El que estaba al mando tomó la palabra: “Nosotros no somos ladrones sinvergüenzas como el otro cartel. Nosotros sí les vamos a cumplir porque el jefe nos ha enseñado a ser honestos”. La promesa era la misma. Pagar para que el cartel los liberara al otro lado del río. La nueva cuota era menor: 2,500 dólares.

Para una familia que ya no tiene casi nada, 2,500 dólares es una fortuna. Julio confiesa que ahí perdió la fe. Se quebró. Le pidió perdón a su familia. Lloró con ellos. Se sentía culpable por haberlos traído a la desgracia con él. Tanta frustración lo llevó a pedirle a los secuestradores que lo mataran. Que ahí lo dejaran.
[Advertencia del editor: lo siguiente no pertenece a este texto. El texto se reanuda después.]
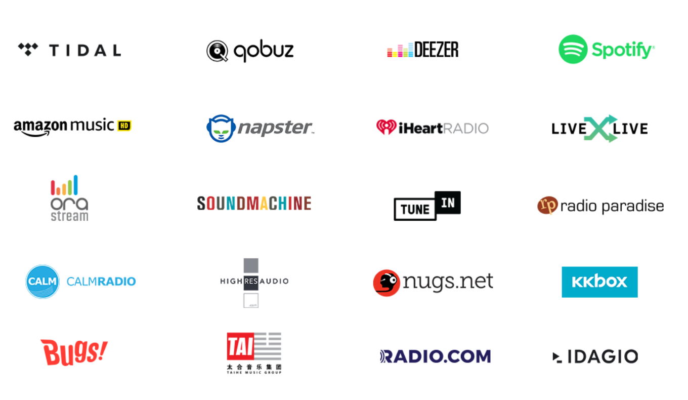 Spotify, Amazon Music HD, TIDAL, Deezer , Qobuz, HighResAudio (VAULT Required), Napster, KKBox, Bugs, Taihe Music ZONE, SoundMachine, IDAGIO, OraStream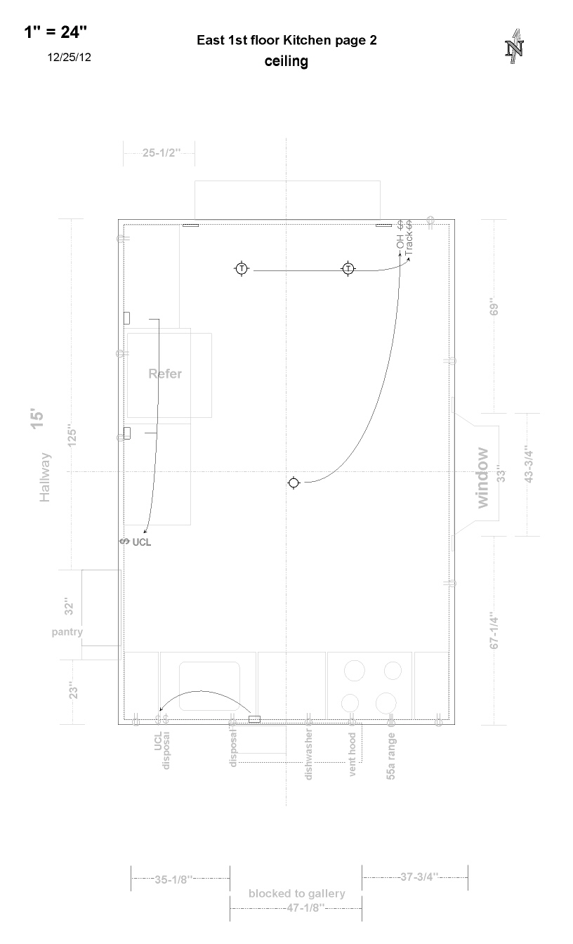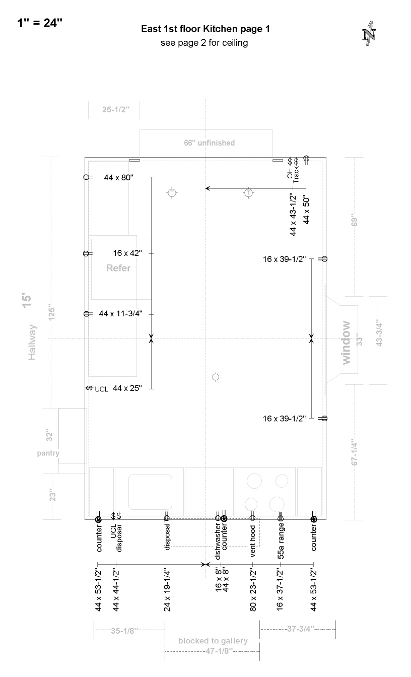 | E1 South wall E1 from center to West Counter outlet = 44 x 53-1/2 ucl/disposal switches = 44 x 44-1/2 disposal outlet 24 x 19-1/4 E1 from center to East dishwasher outlet = 16 x 8 vent hood outlet = 80 x 23-1/2 220 Range outlet = 16 x 37-1/2 Counter outlet = 44 x 53-1/2 E1 West wall E1 from center to South UCL switch - 44 x 25" from center to North Counter outlet = 44 x 11-3/4" Refer outlet = 16 x 42" Counter outlet = 44 x 83" E1 North wall from center to East overhead lighting switch = 44 x 42-1/2" wall outlet = 16 x 51-1/2" E1 East wall from center to North wall outlet = 16 x 39-1/2" from center to South wall outlet = 16 x 39-1/2" Ceiling boxes Octagonal Track lighting from unfinished North wall = 17-1/2" center to West = 16", center to North = 72-1/2" center to East = 22", center to North = 72-1/2" Rectangular for under cabinet lighting West wall UCLx2 on 1 switch 14" North of center line 55" North of center line South wall UCLx1 on 1 switch 11-1/2" West of center line |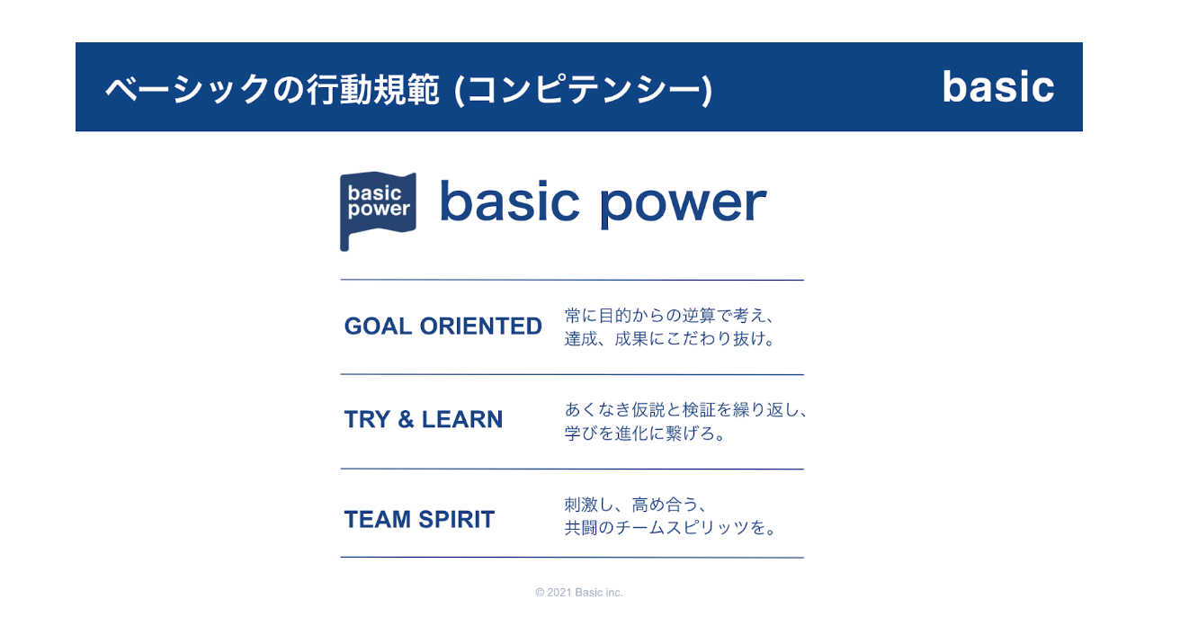 ベーシックでは、働くうえで大事にしたい行動特性をBP(Basic Power)と定義していて、「GOAL ORIENTED」「TRY&LEARN」「TEAM SPIRIT」の三つを定めています。先程の逆算思考(「GOAL ORIENTED」)に加えて、「TRY&LEARN」であれば、とりあえずやってみてそこから学びを得ようという姿勢のことで、これは組織にマインドとして染みついてます。会社の中で課題が出てきても、誰のせいでそうなったのかと責任の所在を問うことはなく、そこから何を学べたかを大事にします。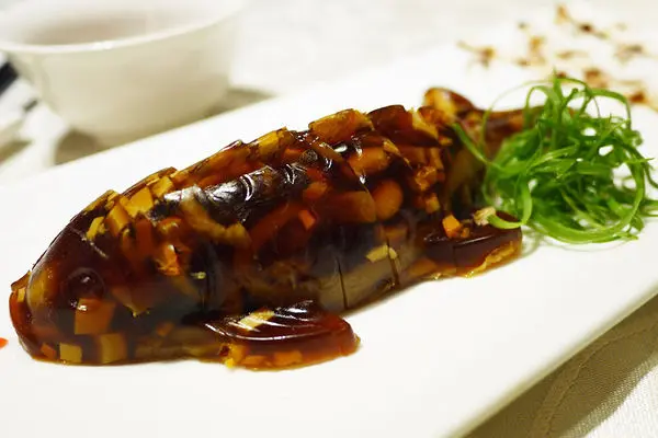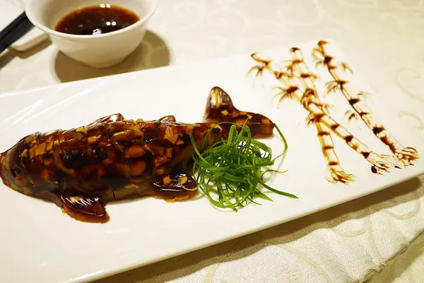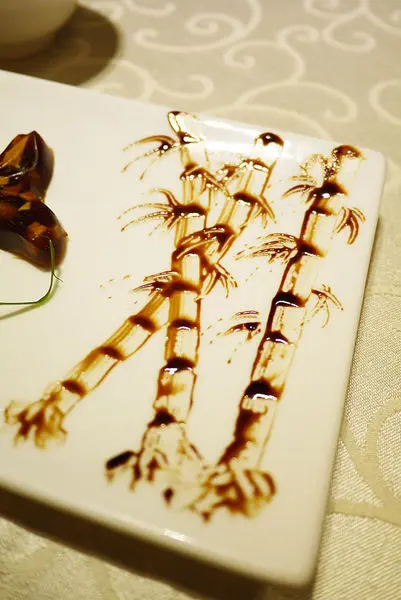 率先第一道上菜是涼菜的部份,老北京豆醬上桌,看到的是一條金魚的形狀,這讓我十分驚喜!而且長方形的瓷盤上還用了醬料畫成了竹子做裝飾,能在品嚐美食前先欣賞師父的藝術品,所謂的「美食」,講究的不就是色香味俱全,這點全都在這道菜裡表現出來了。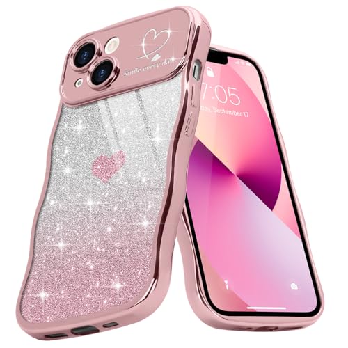 Teageo Sött hjärtmönster lockigt telefonfodral för iPhone 13, vågig ram, glitterfodral för flickor, kvinnor, estetisk bling, skydd, stötsäker, mjuk TPU-stötfångare för iPhone 13, rosa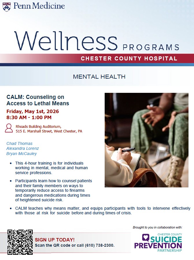 SIGN UP TODAY! Click the event title above, scan the QR code on the attached flyer, or call (610) 738-2300.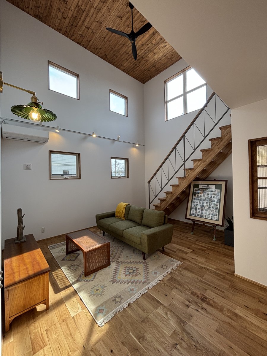 【幸町モデルハウス】Reanudar casa《常時見学可能》 工事前 基礎工事 建方工事 屋根工事 外壁工事 断熱工事 内部造作工事 仕上工事 完成・見学会 玄関 リビング➀ リビング② リビング③ キッチン 造作洗面 主寝室 ヌックスペース トイレ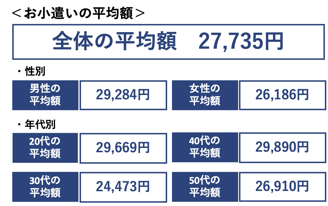 また、お小遣い額の男性平均は29,284円、女性平均は26,186円と、男性の方が若干高い傾向にあります。年代別でみると、20代が29,669円、30代が24,473円、40代が29,890円、50代が26,910円となり、30代のお小遣い額が低い傾向にあることがうかがえます。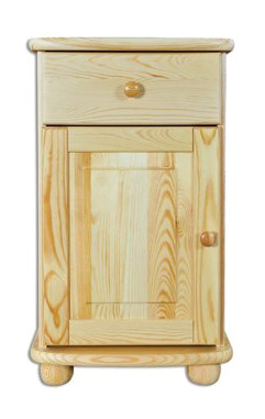 KD159 Kombinovaná skrinka -1 dvierka, 1 zásuvka. Masívna celodrevená skrinka so zaoblenými hranami, guľatým úchytom a nohami. Vhodné do spálne či študentskej izby. Farebné prevedenie: prírodná borovica (Dr-borovica). Možnosť namorenia na odtieň dub (Dr-dub), jelša (Dr-olcha) alebo orech (Dr-orech) za príplatok. Drevo je špeciálne upravené lakovaním na ochranu pred poškodením a zaručuje dlhú životnosť nábytku.

La comida era un poco mejor. Comían dos veces al día, tenían baño con agua y después de tanto tiempo pudieron bañarse. Aunque no tenían cama, sí tenían cobijas y estaban bajo techo. No era lo mismo que estar en el monte.

Su familia en Nicaragua hacía de tripas, corazón. Seis días tardaron esta vez y con ayuda de la diáspora nicaragüense para conseguir los 2,500 dólares

Este fue uno de los afiches que divulgó la familia de Julio para conseguir el dinero que pedían los secuestradores. CORTESÍA

Tal y como lo prometieron, el cártel les ayudó a pasar el río en pequeñas pangas. Les dijeron hacia dónde ir para entregarse a las autoridades e iniciar su proceso de refugio. También les dieron un teléfono con el que pudieron llamar a su familia en Nicaragua para decirles que estaban bien y que habían sido liberados.

Era 31 de julio y ahí iba el hombre con su familia. Sin nada, pero vivo. Gracias a gestiones de la diáspora nicaragüense en Estados Unidos, Julio y su familia solo estuvieron en un centro de detención por un día y luego, el dos de agosto, pudieron tomar un vuelo hacia San Francisco, donde amigos y otros excarcelados lo esperaban.

Actualmente, ahí se encuentra. Su proceso de refugio está en trámite deseando que se apruebe lo más pronto posible. Su hijo de cuatro años pudo entrar a una escuela y él y su esposa trabajan de lo que sea para sobrevivir. Limpiando en restaurantes, estadios, bodegas y demás.

Julio ha escuchado las noticias. Muchos nicaragüenses están saliendo del país rumbo a Estados Unidos y no saben lo que les espera. “Yo les recomiendo que no digan en ningún lugar que son nicaragüenses. Hasta que lleguen a Estados Unidos”, dice, pero esencialmente, “que la piensen muy bien”.

Mientras estuvo secuestrado, se dio cuenta que la cuota que pagan los nicas para ser liberados es más alta que la de los migrantes de otros países porque hasta hace poco no era común el tránsito de nicas de manera irregular.

Julio ya está hoy más tranquilo. Es imposible para él recordar todo lo que vivió en ese mes sin soltar una lágrima, pero hoy agradece que está vivo, con su familia, sobreviviendo. Y con la fe recuperada.